▶ [What the exercise asks] Repeat verbatim each line from the line with "Ce mémorial fut" to the end of the entries. Pictures do not belong in the copy.

▶ [Dataset entries]
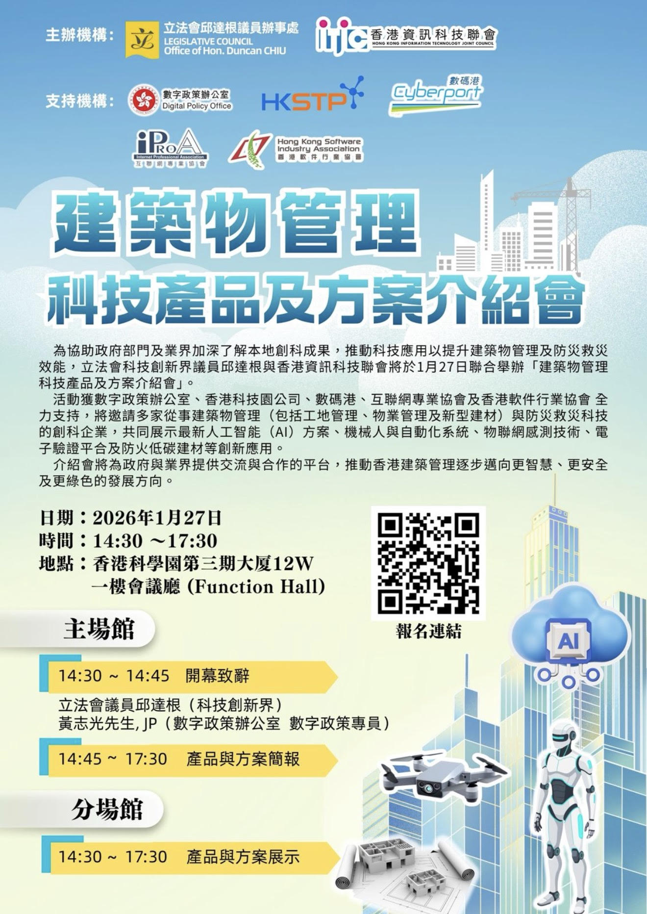 為協助政府部門及業界加深了解本地創科成果,推動科技應用以提升建築物管理及防災救災效能,立法會科技創新界議員邱達根與香港資訊科技聯會將於1月27日(星期二)聯合舉辦「建築物管理科技產品及方案介紹會」。
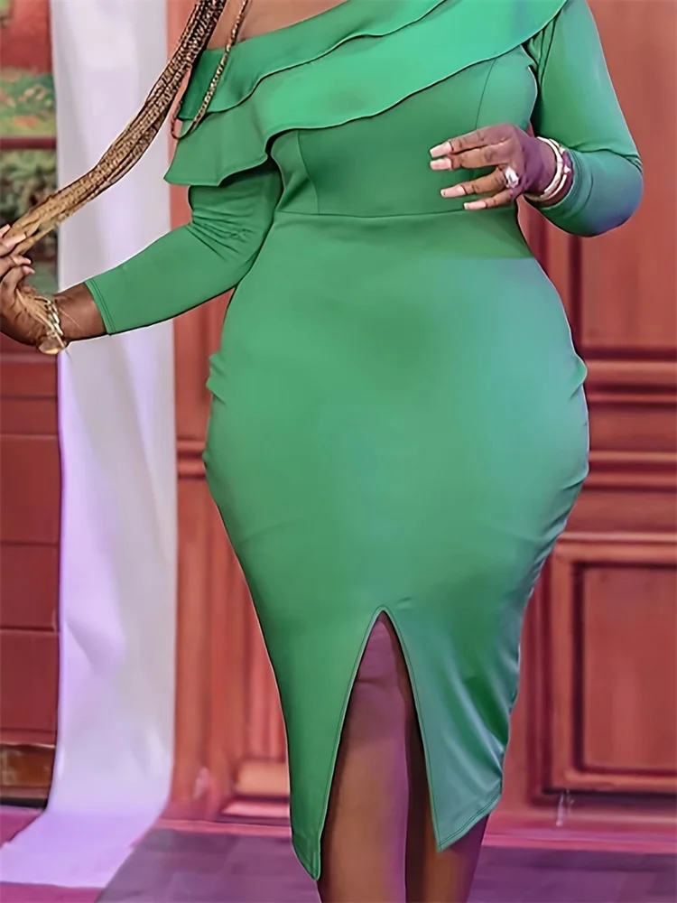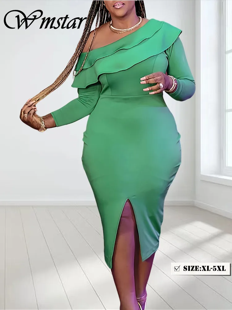 Wmstar Plus Size Dresses for Women Office Lady Bodycon Stretch Slip Hem Elegant Fashion Maxi Dress Wholesale Dropshipping 2024
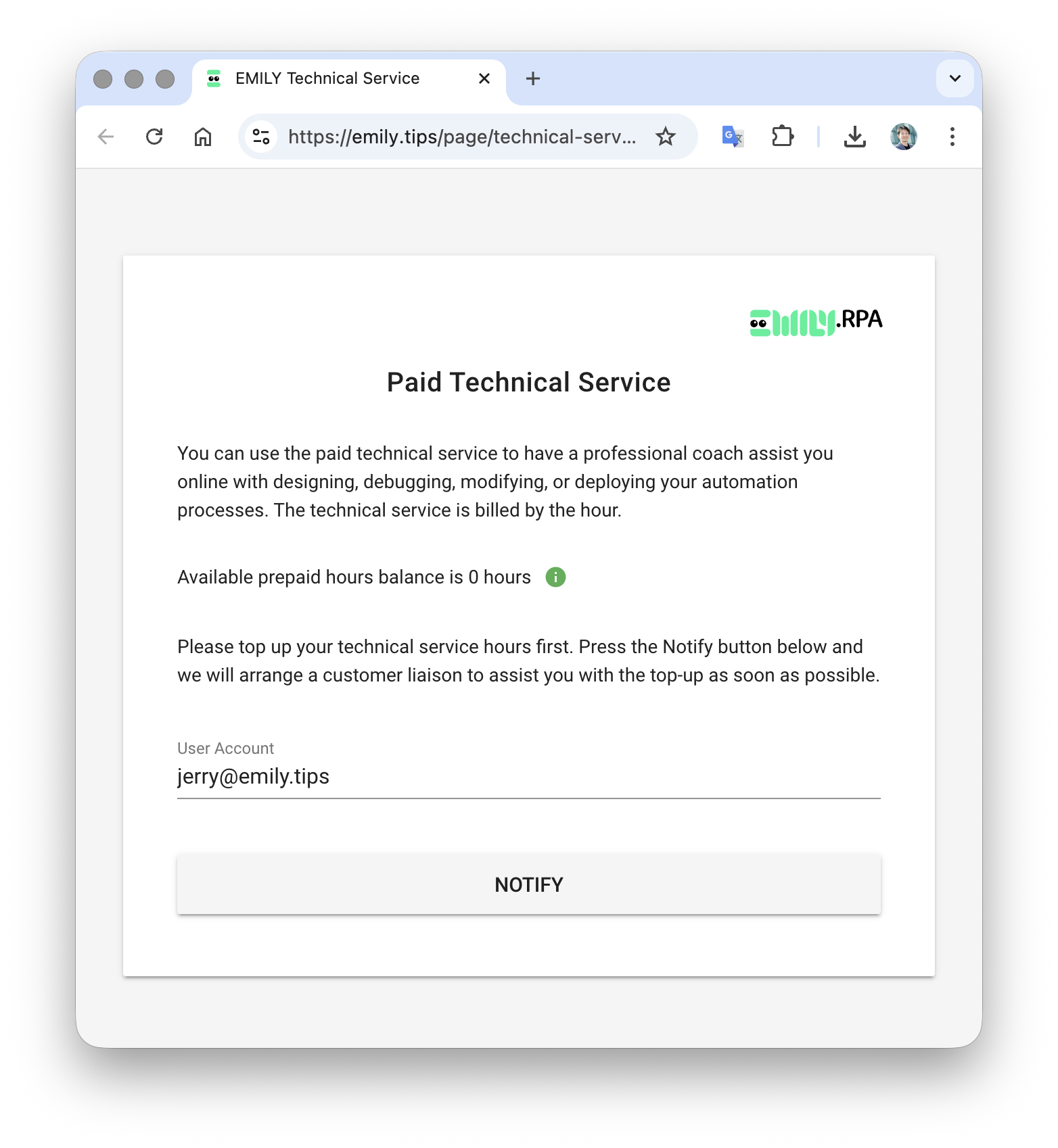 EMILY.RPA's account authorization, version updates, and other settings are all found on the "Account Settings" page. Available updates (if any), version number, account name, and license expiration date can be found directly on the page.
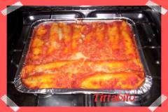 Prendi una teglia in alluminio, imburrala e versaci un po' di sugo, poi sistema le crepes condite con il sugo, versa sopra altro sugo, una spolverata di parmigiano a piacere e inforna a 200 gradi C.
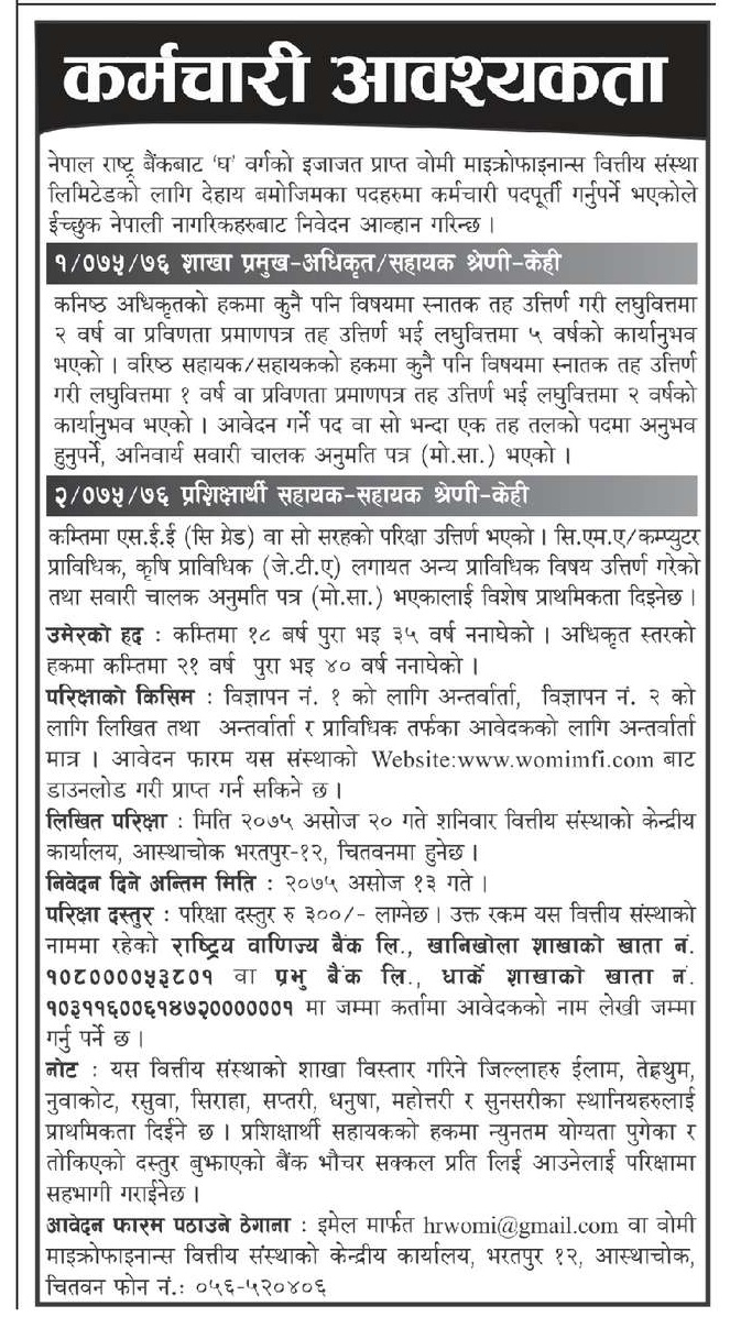Womi Microfinance Bittiya Sanstha Limited announces Job Vacancies
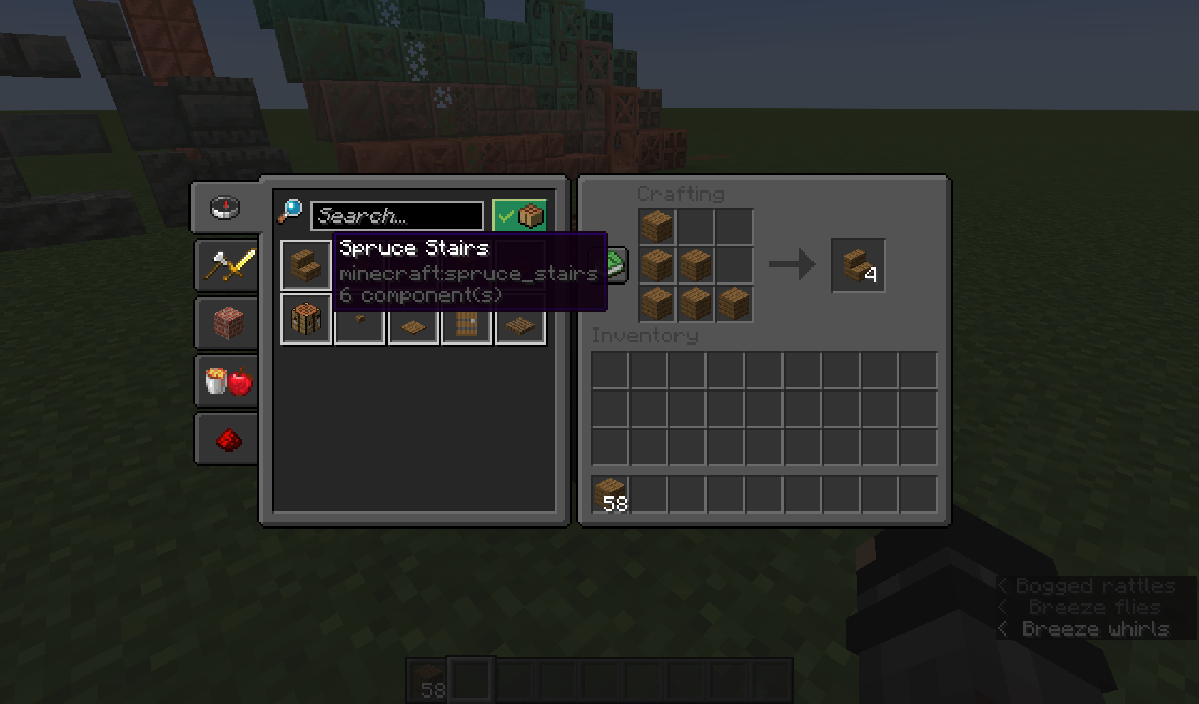 When clicking on Certain Recipes in the Recipe Book, you cannot stack items in the Crafting Grid. Recipes such as Spruce Stairs, Chests, and Bowls, will not stack any more then one set of blocks in the crafting Grid when clicking them in the Recipe Book.
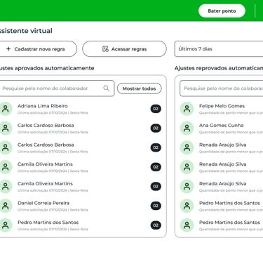 O Assistente Virtual faz parte do sistema de controle de ponto e foi criado para automatizar a aprovação de ajustes realizados pelos colaboradores.
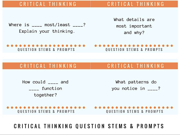 The purpose of these stems is to help students practice this slippery ‘skill.’ By having dozens of questions written generally enough to be widely applicable, but with an inherent rigor that challenges students to think, the ability to practice thinking critically is always available.
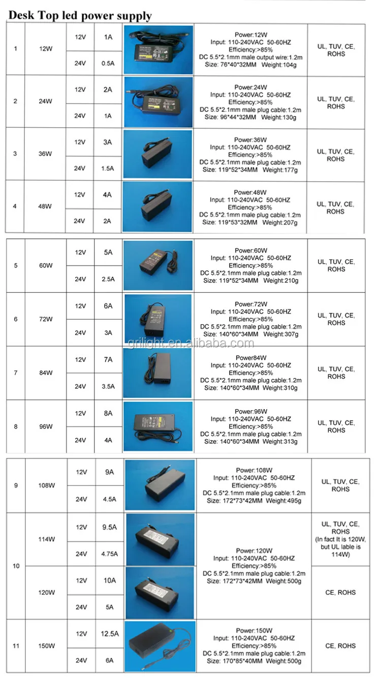 Desk Top Led Power Supply Series(12W-150W, UL listed)
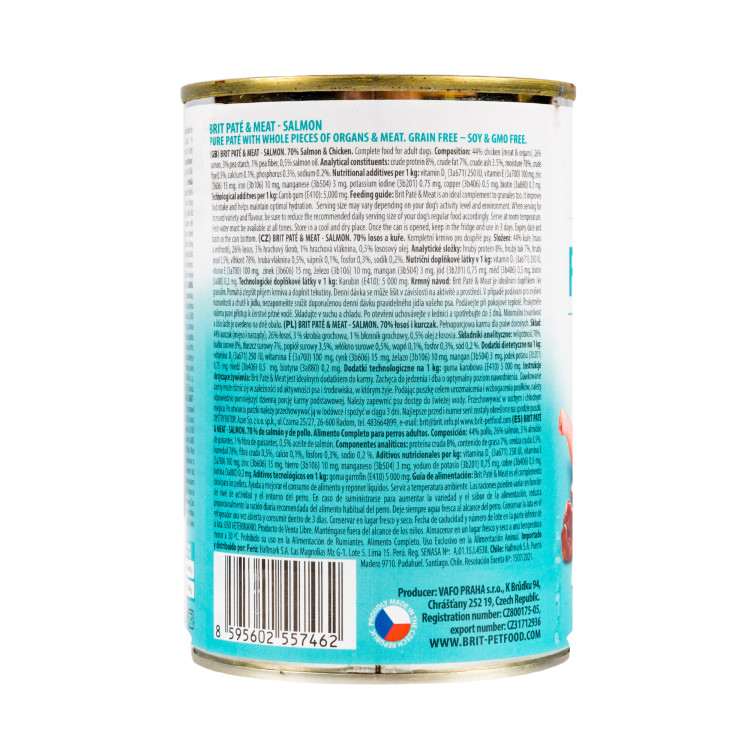 Без штучних добавок корм підкреслює свою натуральність. Унікальне поєднання вітамінів та мінералів сприяє загальному добробуту собаки. Brit Pate & Meat Salmon/Chicken - ідеальний вибір для люблячих господарів, які цінують якість корму та турботу про вихованця.
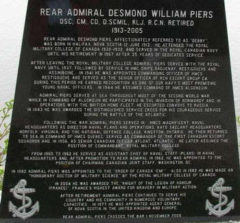 Ce mémorial fut dévoilé après 2005. Il est dédié au Contre-amiral Desmond William Piers DSC, CM, CD, D.SCMil, KLJ. R.C.N. (1913-2005).
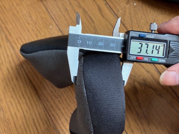 比べると目視でも薄くなっているのがわかるぐらいだが、前方部分の厚みをノギスで測ってみると

▶ [Response]
 Ce mémorial fut dévoilé après 2005. Il est dédié au Contre-amiral Desmond William Piers DSC, CM, CD, D.SCMil, KLJ. R.C.N. (1913-2005).
 比べると目視でも薄くなっているのがわかるぐらいだが、前方部分の厚みをノギスで測ってみると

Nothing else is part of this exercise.